At the general election of 1922 the so-called budget amendment to the state constitution was adopted (Const., art. IV, sec. 34) and thereafter and pursuant to its terms the Governor presented to the legislature of 1923 the budget provided for in said amendment, accompanied by an appropriation bill covering the proposed expenditures provided for in said budget and known as the budget bill. In the course of its said session the legislature passed the act known as the budget act purporting to make the appropriations as outlined in said budget bill with such changes in and additions thereto as were deemed proper by the members of said legislature. In so doing, and in dealing with the matter of providing funds for the functioning of the Fish and Game Commission, the legislature undertook to appropriate "For salaries, support and permanent improvements for the fish and game commission, such sum or sums as are provided in Chapter Two Hundred and fifty six, statutes of one thousand nine hundred nine and all amendments thereto, such payments to be made from the fish and game preservation fund created thereby" (Stats. 1923, p. 242-253). The Governor, in the exercise of his constitutional power (Const., sec. 16, art. IV), objected to certain of the items of appropriation embraced in said budget bill as enacted by the legislature and appended to the said bill at the time of signing it a statement of the items to which he thus objected. Among these was the aforesaid item embracing the appropriation for the Fish and Game Commission. His objection thereto was in the following form:

"I object to the item on page 14 [253] under the heading 'Developmental' reading as follows: 'For salaries, support and permanent improvements for the fish and game commission, such sum or sums as are provided in chapter two hundred fifty-six, statutes of one thousand nine hundred nine and all amendments thereto, such payments to be made from the fish and game preservation fund created thereby,' and reduce the same to 'For salaries of officers and employees of the fish and game commission, four hundred thirty-eight thousand three hundred seventy dollars. For support of the fish and game commission, three hundred seventy-one thousand one hundred fifty dollars,' for the reason that the last named sums are ample. The amendments proposed by the legislature might leave the fish and game commission without any appropriation at all."

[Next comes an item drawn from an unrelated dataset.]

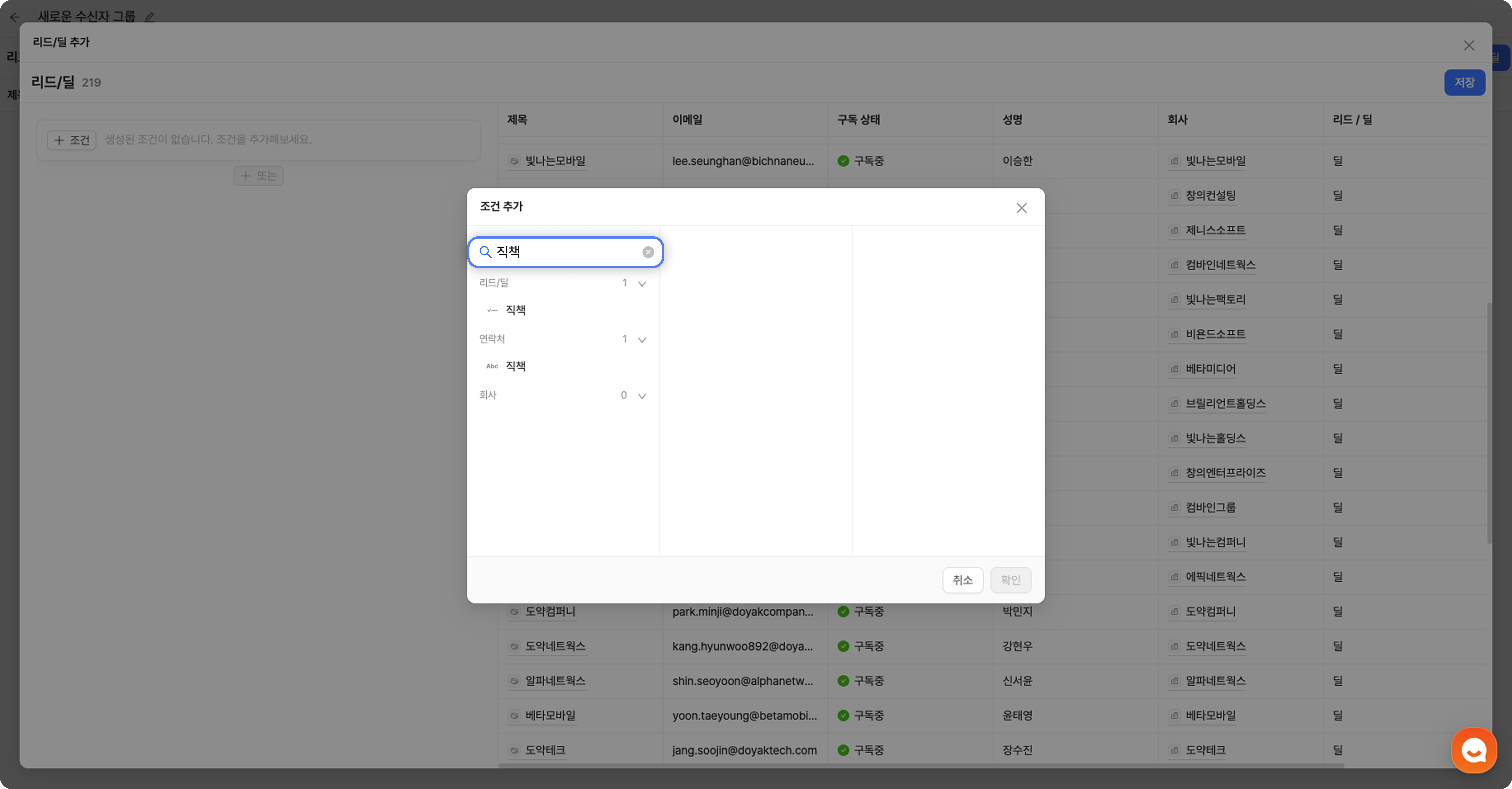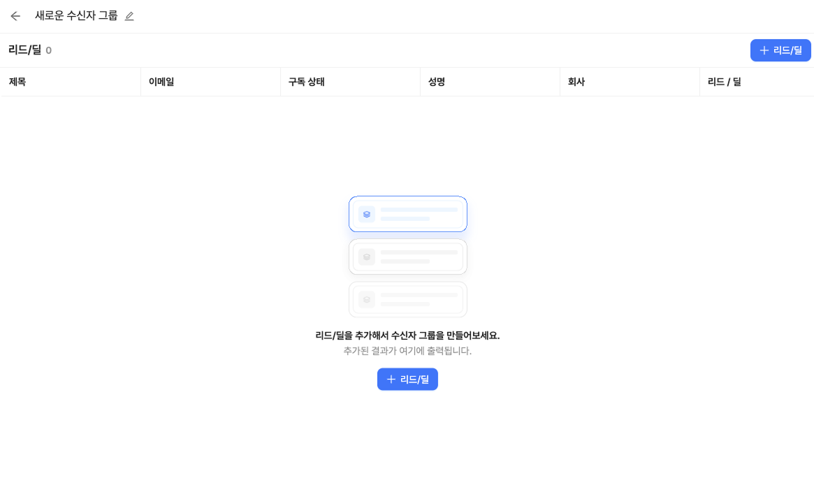 수신자 그룹은 이메일을 발송할 대상의 목록이에요. 리캐치에 저장된 리드/딜을 원하는 조건으로 필터링하여 내 캠페인에 딱 맞는 수신자 그룹을 만들 수 있어요.

The appropriation thus objected to and thus modified became a law, and thus the general allowance made by the legislature to the Fish and Game Commission of the full amount of money in the special fish and game preservation fund, created by the act of 1909, above referred to, and the amendments thereto, was by the Governor's said action limited to the particular sums for salaries and support of the Fish and Game Commission specified in his said objection. It is to be noted, however, that the Governor did not in his said objection and specification as to the specific funds to be available during the biennium to the commission change the statement of the statute as to the particular fund from which the amounts therein provided for the salaries and support of the commission were to be paid.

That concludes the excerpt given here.